– Меньше одного дня?
   – Я пользуюсь нашим исчислением времени, по вашему он жил девятьсот двадцать лет, и большую часть своей жизни – несчастливо.
   – Понимаю; да, это правда.
   – И все по вине моего отца. Потом был создан ад, чтобы адамову племени было куда деться после смерти.
   – Но оно могло попасть и в рай.
   – Рай открылся для людей позже. Два дня тому назад. Благодаря самопожертвованию сына бога, спасителя.
   – Неужели ада раньше не было?
   – Он был не нужен. Ни один Адам с миллиона других планет не ослушался и не съел запретный плод
   – Это странно
   – Отнюдь нет: ведь других не искушали
   – Как же так?
   – Не было искусителя, пока мой отец не отведал запретный плод и не стал искусителем: он ввел в соблазн других ангелов, и они вкусили запретный плод, а потом – Адама и эту женщину.
   – Как же твой отец решился отведать его?
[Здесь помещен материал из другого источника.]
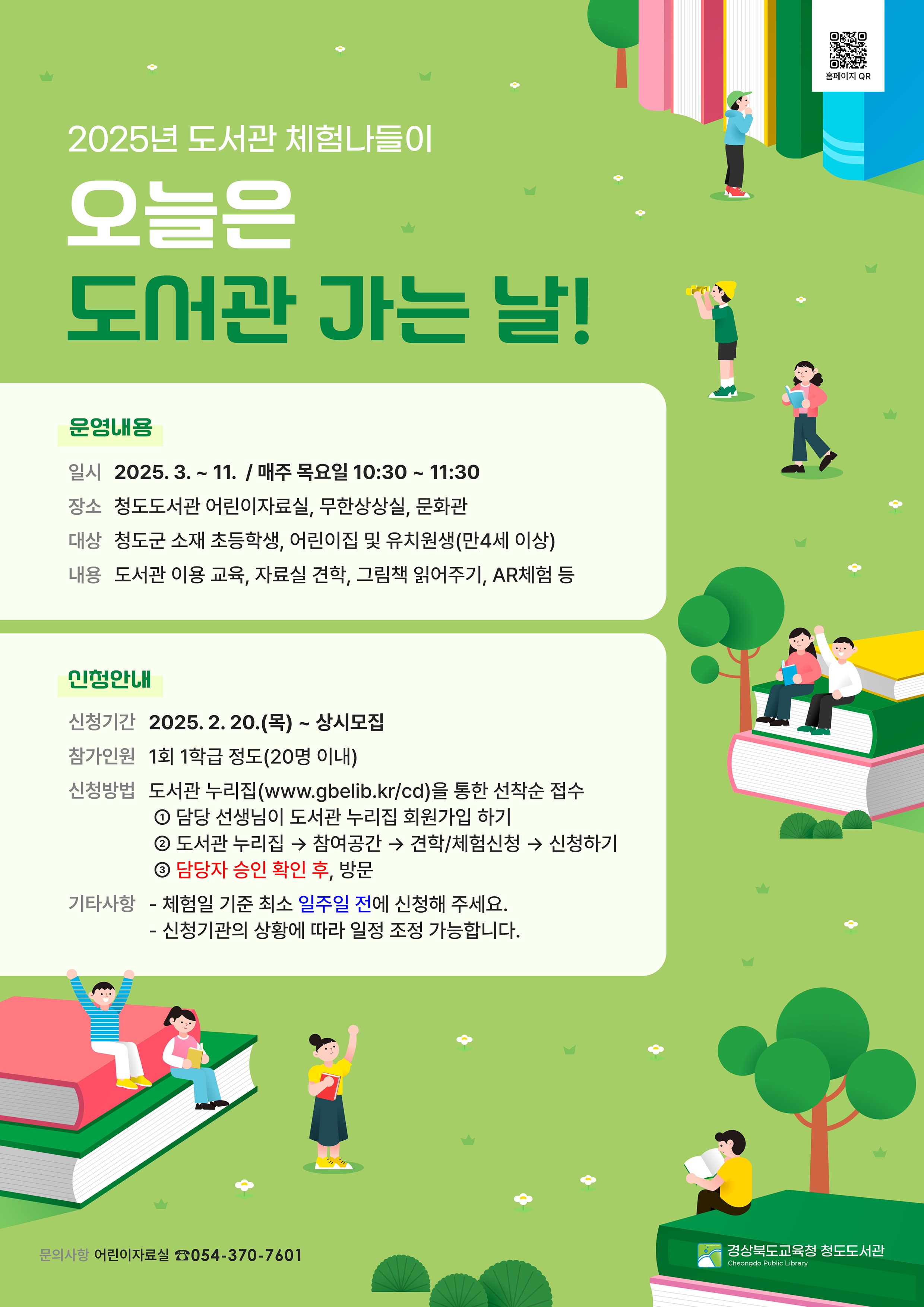 경상북도교육청 청도도서관(관장 조은희)은 지역 내 초등학교, 유치원, 어린이집을 대상으로 도서관 견학 프로그램인 도서관 체험나들이 「오늘은 도서관 가는 날」 참여 기관을 2월 20일(목)부터 모집을 시작한다.

   – В то время я не знал»
   – Почему?
   – Меня не было дома, когда это произошло, я отлучался на несколько дней и не слышал про отцовское горе, пока не вернулся; я сразу же отправился домой – обсудить с ним случившееся, но горе его было так свежо и жгуче, так нежданно, что он лишь стенал да сетовал на свою судьбу; вдаваться в подробности было для него невыносимо; я понял одно – когда он отважился вкусить запретный плод, его представление о природе плода было ошибочным
   – В каком смысле ошибочным?
   – Совершенно неправильным.
   – И ты тогда не знал, в чем ошибка?
   – Тогда не знал, а теперь, пожалуй, знаю. Он, возможно, даже наверняка, полагал, что суть плода в том, чтобы открыть человеку понятие добра и зла, и ничего больше, человеку, а не Сатане, великому ангелу: ему это было дано ранее. Нам всем было дано это знание – всегда. Что побудило отца самому испробовать плод, неясно; и я никогда не узнаю, пока он сам не расскажет, но ошибка его была в том…
   – Да, да, в чем же была ошибка?
   – Он ошибся, полагая, что умение различать добро и зло – все, что может даровать плод.
   – А он дал нечто большее?
   – Подумайте над высказыванием из Библии, где говорится: «Но человеку свойственно делать зло, как искрам устремляться вверх»[13]. Это справедливо? Природа человека действительно такова? Я говорю о вашем человеке, человеке с планеты Земля'
   – Безусловно, верней и не скажешь.
   – Но это не относится к людям с других планет. Вот и разгадка тайны. Ошибка моего отца видна во всей своей наготе. Миссия плода не сводилась лишь к тому, чтобы научить людей различать добро и зло, – он передал вкусившим его людям пылкое, страстное, неукротимое стремление делать зло. «Как искрам устремляться вверх», иными словами, как воде бежать вниз с горы, – очень яркий образ, показывающий, что человек предрасположен к злу – бескомпромиссному злу, глубоко укоренившемуся злу, и ему несвойственно делать добро, так же как воде бежать в гору. О, ошибка моего отца навлекла страшное бедствие на людей вашей планеты. Она развратила их духовно и физически. Это легко заметить.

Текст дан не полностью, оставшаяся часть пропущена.